ASSIGNMENT
Look in the data below for the line that has "Die links Kulisse", then print exactly every line from there through the line that has "Factory direct small", leaving pictures out.

PROVIDED ENTRIES
_____

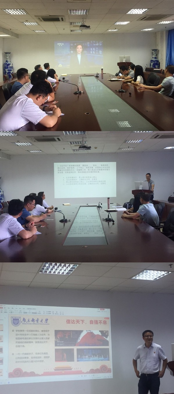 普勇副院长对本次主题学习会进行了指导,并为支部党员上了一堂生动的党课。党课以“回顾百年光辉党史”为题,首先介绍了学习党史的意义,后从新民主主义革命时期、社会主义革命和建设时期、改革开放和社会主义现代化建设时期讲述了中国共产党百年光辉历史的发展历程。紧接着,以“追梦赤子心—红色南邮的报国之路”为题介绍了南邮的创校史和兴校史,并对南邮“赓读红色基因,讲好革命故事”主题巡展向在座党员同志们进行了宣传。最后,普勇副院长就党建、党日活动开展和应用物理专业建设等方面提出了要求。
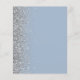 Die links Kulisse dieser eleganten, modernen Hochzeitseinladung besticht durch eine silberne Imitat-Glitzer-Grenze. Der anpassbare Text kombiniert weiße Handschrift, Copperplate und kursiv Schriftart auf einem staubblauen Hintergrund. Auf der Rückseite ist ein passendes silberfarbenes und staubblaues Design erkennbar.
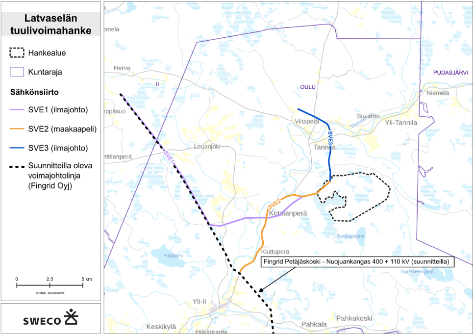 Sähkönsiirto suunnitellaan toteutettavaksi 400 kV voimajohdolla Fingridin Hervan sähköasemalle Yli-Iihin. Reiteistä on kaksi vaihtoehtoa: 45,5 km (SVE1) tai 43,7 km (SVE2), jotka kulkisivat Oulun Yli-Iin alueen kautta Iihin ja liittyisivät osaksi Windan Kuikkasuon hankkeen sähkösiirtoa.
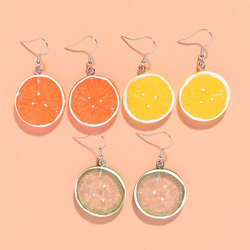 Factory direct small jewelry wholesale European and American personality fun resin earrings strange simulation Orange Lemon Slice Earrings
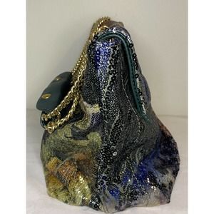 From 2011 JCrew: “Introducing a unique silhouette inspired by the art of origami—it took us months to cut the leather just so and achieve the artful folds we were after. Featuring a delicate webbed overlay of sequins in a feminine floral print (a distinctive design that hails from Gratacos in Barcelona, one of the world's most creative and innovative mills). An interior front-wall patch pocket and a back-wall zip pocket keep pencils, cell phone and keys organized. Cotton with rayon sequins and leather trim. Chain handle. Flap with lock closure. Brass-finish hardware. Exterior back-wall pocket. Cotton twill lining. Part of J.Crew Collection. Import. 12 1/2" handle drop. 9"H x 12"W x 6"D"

_____

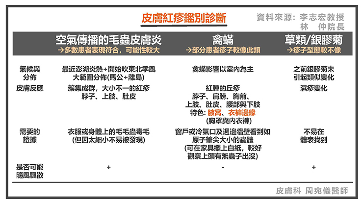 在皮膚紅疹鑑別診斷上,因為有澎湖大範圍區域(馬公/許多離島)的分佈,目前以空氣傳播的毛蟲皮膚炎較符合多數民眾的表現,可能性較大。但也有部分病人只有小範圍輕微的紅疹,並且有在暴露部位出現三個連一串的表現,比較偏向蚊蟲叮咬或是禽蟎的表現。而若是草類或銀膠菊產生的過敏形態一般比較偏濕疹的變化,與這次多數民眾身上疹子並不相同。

_____

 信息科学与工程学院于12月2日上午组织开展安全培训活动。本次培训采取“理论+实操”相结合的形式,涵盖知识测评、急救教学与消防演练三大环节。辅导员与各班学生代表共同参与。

_____

FINISHED TASK
 Die links Kulisse dieser eleganten, modernen Hochzeitseinladung besticht durch eine silberne Imitat-Glitzer-Grenze. Der anpassbare Text kombiniert weiße Handschrift, Copperplate und kursiv Schriftart auf einem staubblauen Hintergrund. Auf der Rückseite ist ein passendes silberfarbenes und staubblaues Design erkennbar.
 Sähkönsiirto suunnitellaan toteutettavaksi 400 kV voimajohdolla Fingridin Hervan sähköasemalle Yli-Iihin. Reiteistä on kaksi vaihtoehtoa: 45,5 km (SVE1) tai 43,7 km (SVE2), jotka kulkisivat Oulun Yli-Iin alueen kautta Iihin ja liittyisivät osaksi Windan Kuikkasuon hankkeen sähkösiirtoa.
 Factory direct small jewelry wholesale European and American personality fun resin earrings strange simulation Orange Lemon Slice Earrings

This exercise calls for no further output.